Items listed in a dataset:
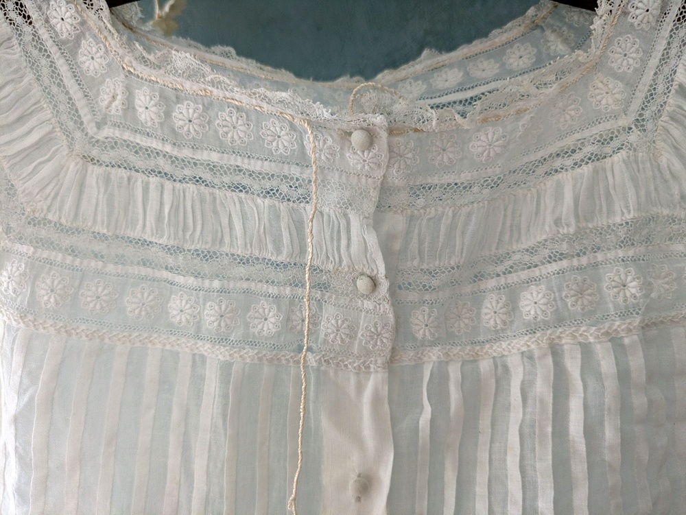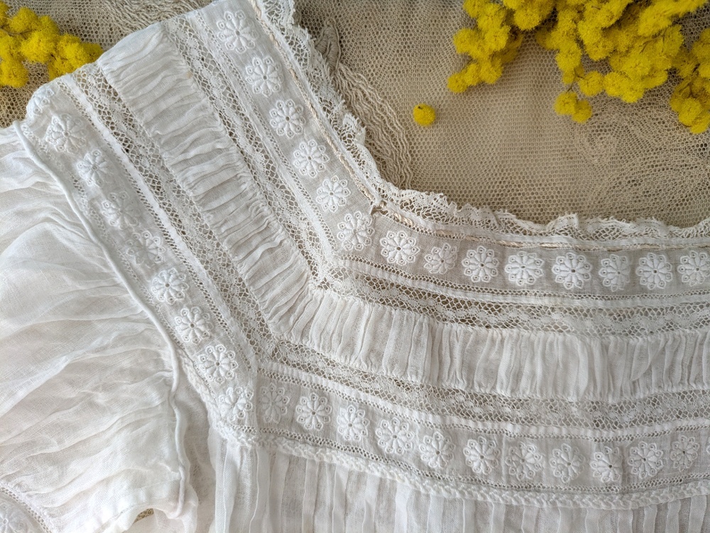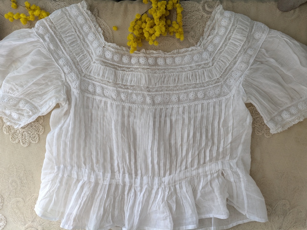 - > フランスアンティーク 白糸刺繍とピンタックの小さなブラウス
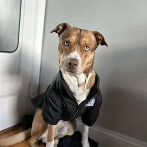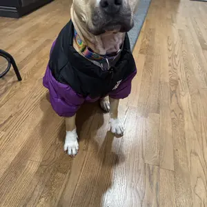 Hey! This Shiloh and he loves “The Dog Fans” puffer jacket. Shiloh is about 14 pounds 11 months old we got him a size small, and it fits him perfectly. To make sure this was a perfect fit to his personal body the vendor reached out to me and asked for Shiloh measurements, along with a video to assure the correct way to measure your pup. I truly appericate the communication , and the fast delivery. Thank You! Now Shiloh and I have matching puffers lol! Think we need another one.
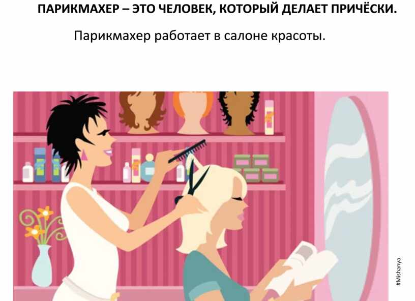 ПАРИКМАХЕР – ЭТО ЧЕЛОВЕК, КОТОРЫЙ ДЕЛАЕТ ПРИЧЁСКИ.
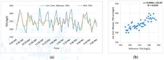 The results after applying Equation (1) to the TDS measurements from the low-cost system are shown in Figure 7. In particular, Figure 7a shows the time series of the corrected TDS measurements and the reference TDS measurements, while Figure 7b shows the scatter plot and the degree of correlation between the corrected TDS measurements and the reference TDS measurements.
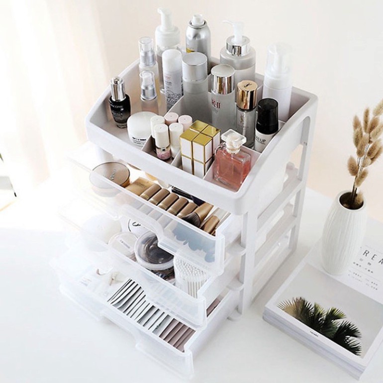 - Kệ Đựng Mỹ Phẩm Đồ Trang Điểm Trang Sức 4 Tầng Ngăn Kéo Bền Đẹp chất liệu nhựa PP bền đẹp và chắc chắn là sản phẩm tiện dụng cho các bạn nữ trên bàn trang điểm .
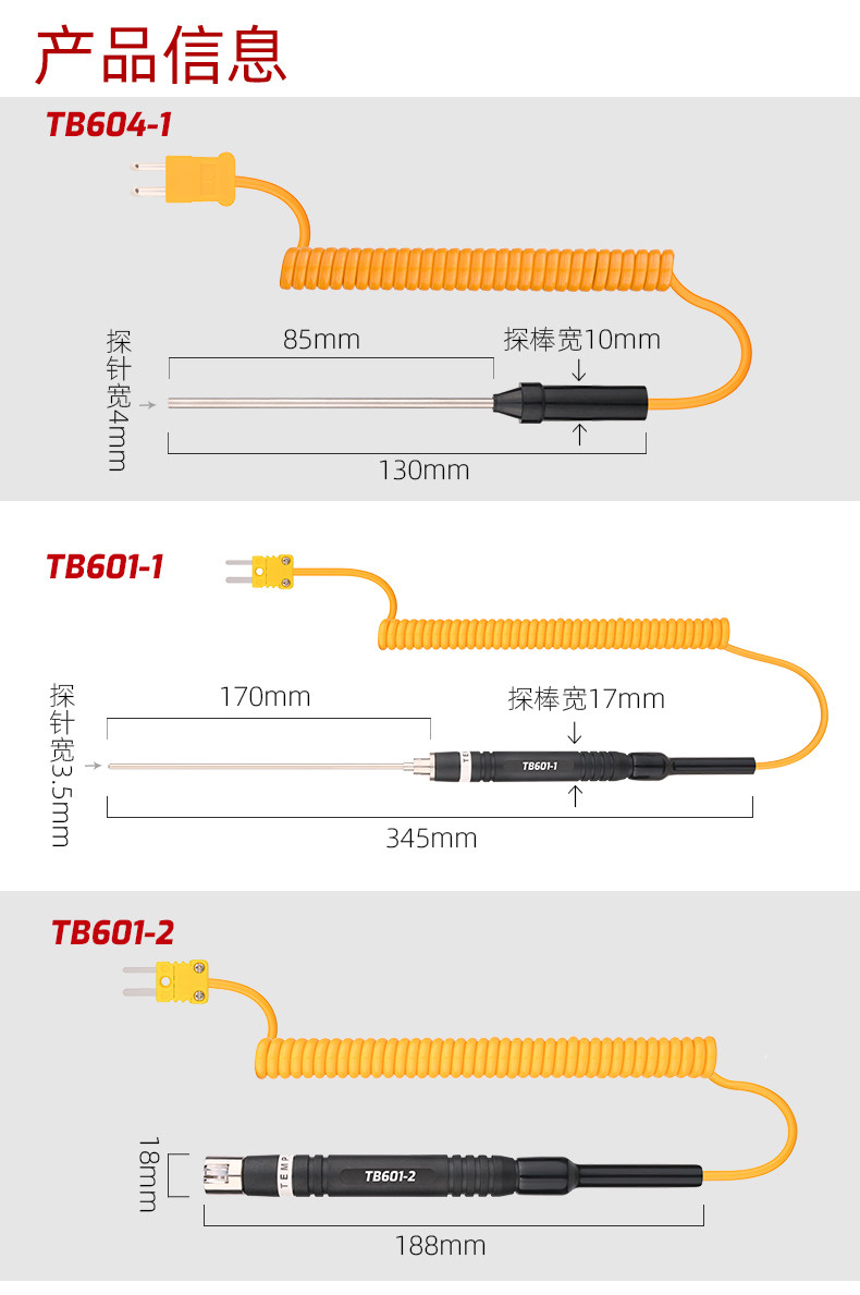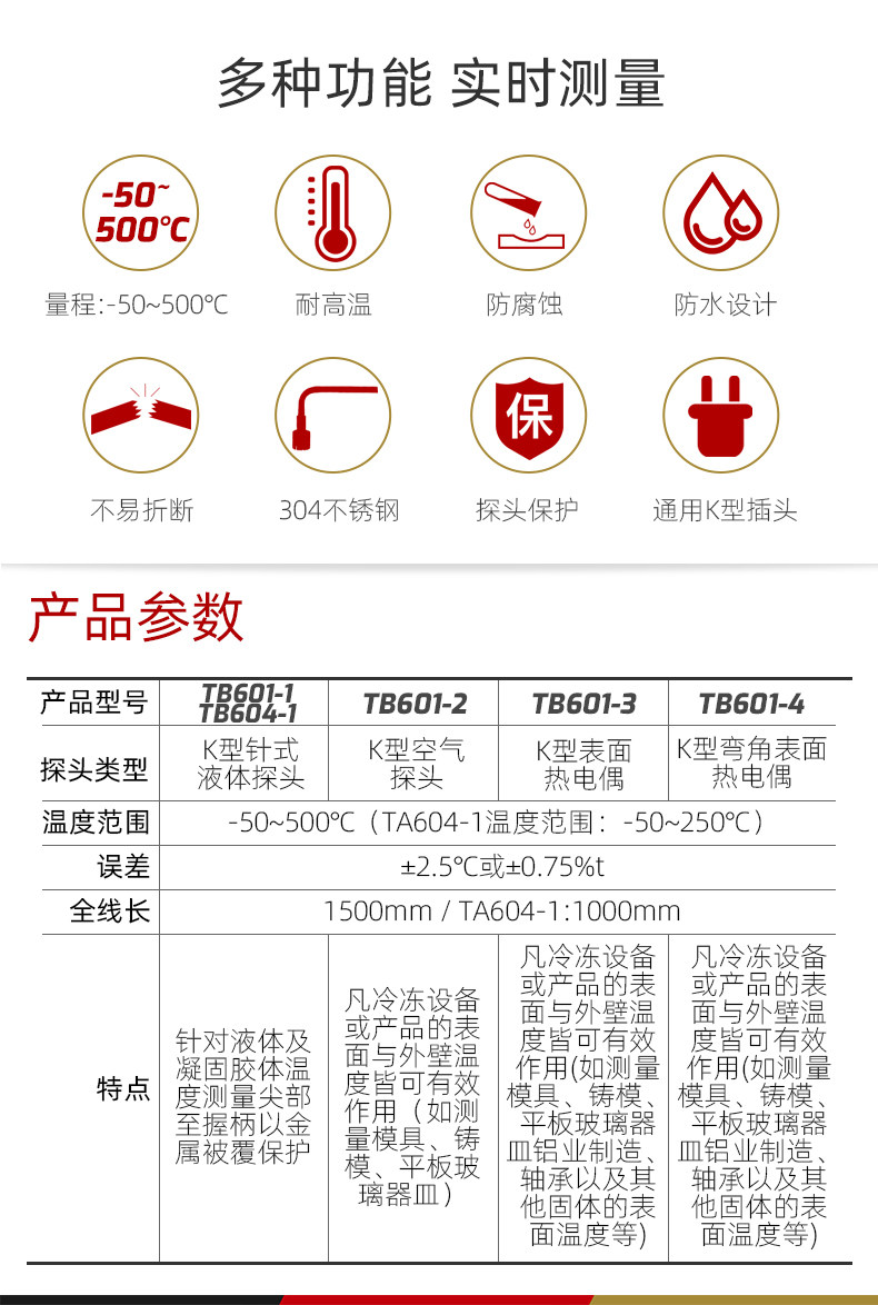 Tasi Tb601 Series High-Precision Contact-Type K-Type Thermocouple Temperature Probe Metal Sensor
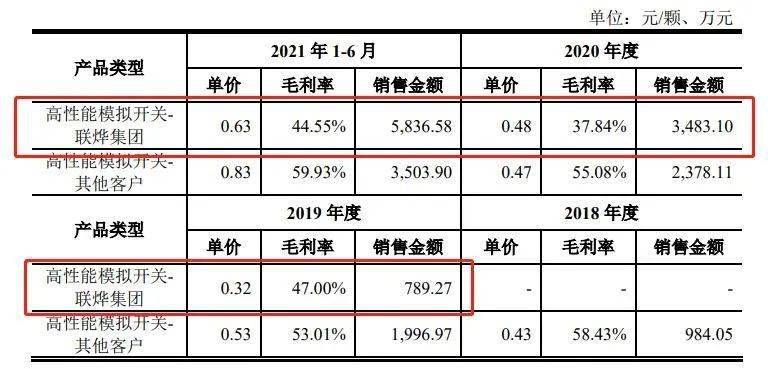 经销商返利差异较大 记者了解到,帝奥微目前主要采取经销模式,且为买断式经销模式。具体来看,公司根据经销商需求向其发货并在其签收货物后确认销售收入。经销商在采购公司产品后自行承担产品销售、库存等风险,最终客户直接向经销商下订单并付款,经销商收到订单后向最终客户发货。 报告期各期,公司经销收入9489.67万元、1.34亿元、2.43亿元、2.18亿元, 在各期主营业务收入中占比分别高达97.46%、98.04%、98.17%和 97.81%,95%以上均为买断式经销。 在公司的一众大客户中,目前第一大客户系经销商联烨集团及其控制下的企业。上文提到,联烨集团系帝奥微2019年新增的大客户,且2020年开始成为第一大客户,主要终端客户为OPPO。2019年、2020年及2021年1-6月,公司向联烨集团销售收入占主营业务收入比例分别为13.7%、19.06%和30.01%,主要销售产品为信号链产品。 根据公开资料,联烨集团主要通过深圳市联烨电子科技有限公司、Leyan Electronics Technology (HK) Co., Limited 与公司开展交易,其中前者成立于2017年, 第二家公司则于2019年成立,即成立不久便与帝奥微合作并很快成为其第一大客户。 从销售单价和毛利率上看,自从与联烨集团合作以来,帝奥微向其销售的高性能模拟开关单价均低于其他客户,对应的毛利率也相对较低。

- [Activity]
Without including the pictures, return each record above exactly as it stands.

- [Exercise answer]
 - > フランスアンティーク 白糸刺繍とピンタックの小さなブラウス
 Hey! This Shiloh and he loves “The Dog Fans” puffer jacket. Shiloh is about 14 pounds 11 months old we got him a size small, and it fits him perfectly. To make sure this was a perfect fit to his personal body the vendor reached out to me and asked for Shiloh measurements, along with a video to assure the correct way to measure your pup. I truly appericate the communication , and the fast delivery. Thank You! Now Shiloh and I have matching puffers lol! Think we need another one.
 ПАРИКМАХЕР – ЭТО ЧЕЛОВЕК, КОТОРЫЙ ДЕЛАЕТ ПРИЧЁСКИ.
 The results after applying Equation (1) to the TDS measurements from the low-cost system are shown in Figure 7. In particular, Figure 7a shows the time series of the corrected TDS measurements and the reference TDS measurements, while Figure 7b shows the scatter plot and the degree of correlation between the corrected TDS measurements and the reference TDS measurements.
 - Kệ Đựng Mỹ Phẩm Đồ Trang Điểm Trang Sức 4 Tầng Ngăn Kéo Bền Đẹp chất liệu nhựa PP bền đẹp và chắc chắn là sản phẩm tiện dụng cho các bạn nữ trên bàn trang điểm .
 Tasi Tb601 Series High-Precision Contact-Type K-Type Thermocouple Temperature Probe Metal Sensor
 经销商返利差异较大 记者了解到,帝奥微目前主要采取经销模式,且为买断式经销模式。具体来看,公司根据经销商需求向其发货并在其签收货物后确认销售收入。经销商在采购公司产品后自行承担产品销售、库存等风险,最终客户直接向经销商下订单并付款,经销商收到订单后向最终客户发货。 报告期各期,公司经销收入9489.67万元、1.34亿元、2.43亿元、2.18亿元, 在各期主营业务收入中占比分别高达97.46%、98.04%、98.17%和 97.81%,95%以上均为买断式经销。 在公司的一众大客户中,目前第一大客户系经销商联烨集团及其控制下的企业。上文提到,联烨集团系帝奥微2019年新增的大客户,且2020年开始成为第一大客户,主要终端客户为OPPO。2019年、2020年及2021年1-6月,公司向联烨集团销售收入占主营业务收入比例分别为13.7%、19.06%和30.01%,主要销售产品为信号链产品。 根据公开资料,联烨集团主要通过深圳市联烨电子科技有限公司、Leyan Electronics Technology (HK) Co., Limited 与公司开展交易,其中前者成立于2017年, 第二家公司则于2019年成立,即成立不久便与帝奥微合作并很快成为其第一大客户。 从销售单价和毛利率上看,自从与联烨集团合作以来,帝奥微向其销售的高性能模拟开关单价均低于其他客户,对应的毛利率也相对较低。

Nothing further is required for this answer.